Safe on shore
The live bait squad, they’d called the patrol. Three knackered cruisers. 2,200 men. Lots of them coastguards, newly mobilised by those fools at the admiralty.
Creating the Centena
In researching the information used here, I’ve visited Donegal, dug into family papers, and, of course, interrogated the internet.
The narrator is Robert Henry (Harry) Turner, my great-grandfather. From 1905 and throughout the First World War, Harry served as a coastguard signalman in Donegal. Handed-down memories and postcards place him at Malin Head Coastguard Station during much of that time. A photo showing Harry and colleagues outside the Buncrana coastguard cottages suggests he was also stationed in Buncrana at some point. (I’d thought the picture was taken at Malin Head. On visiting, I discovered this wasn’t the case).
Harry joined the navy in 1894, age 16. When the 12 years he’d signed up for ended, he was – according to family anecdote – ready to settle down in Portsmouth with his wife Gertie using the money he’d been sending home. But finding his parents had spent his savings on his sister, he had little choice but to re-enlist. Fortunately for Gertie, Harry had served long enough to request a shore posting. Though what she felt about moving (with baby) to the wilds of 1900s Donegal is not recorded. And as an English family in Ireland in the years preceding the Easter Rising, they may not have been warmly welcomed.
At first, Harry would have worked at the original Malin Head signal station, high on the cliffs at Ireland’s most northerly point. In 1913, the station moved to the slightly-less remote building that still houses the Malin Head Coast Guard Radio Service today.
Wireless telegraphy equipment had been installed at Malin Head in 1902, making it the world’s first coastguard radio station. Messages were sent via Morse Code, received as a series of buzzes. A dedicated wavelength meant any ship or land station could receive emergency messages and respond.

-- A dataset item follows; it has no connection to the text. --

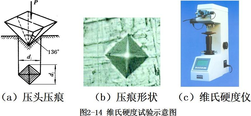 維氏硬度是用兩對對面體的夾角均為136°的金剛石四面體菱形壓頭來測定的。它是通過測量壓頭壓入部分的對角線長度(圖2-14)來計算的。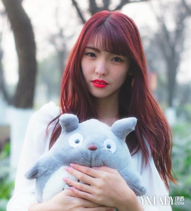 蓬松的中长发烫发发型,超显眼的 一款酒红色头发不仅有时尚感而且颇有气质,加上甜美的空刘海勾勒出无比的唯美来。

All three ships were sunk by a single U-boat on the morning of September 20th 2014. With over 1,450 lives lost, the disaster was – and still is – one of the worst in naval history.
I have no evidence Harry handled communications from the patrol. But if he was on watch that morning, he would certainly have been aware of the messages. And I’d be willing to bet he was no stranger to O’Grady’s – the former name (according to a local) of what is now the Sea View Tavern.
So though the story’s written as fiction, it might just be true.
The Turners returned home in 1919. Harry later captained a naval tug in the evacuation of Dunkirk.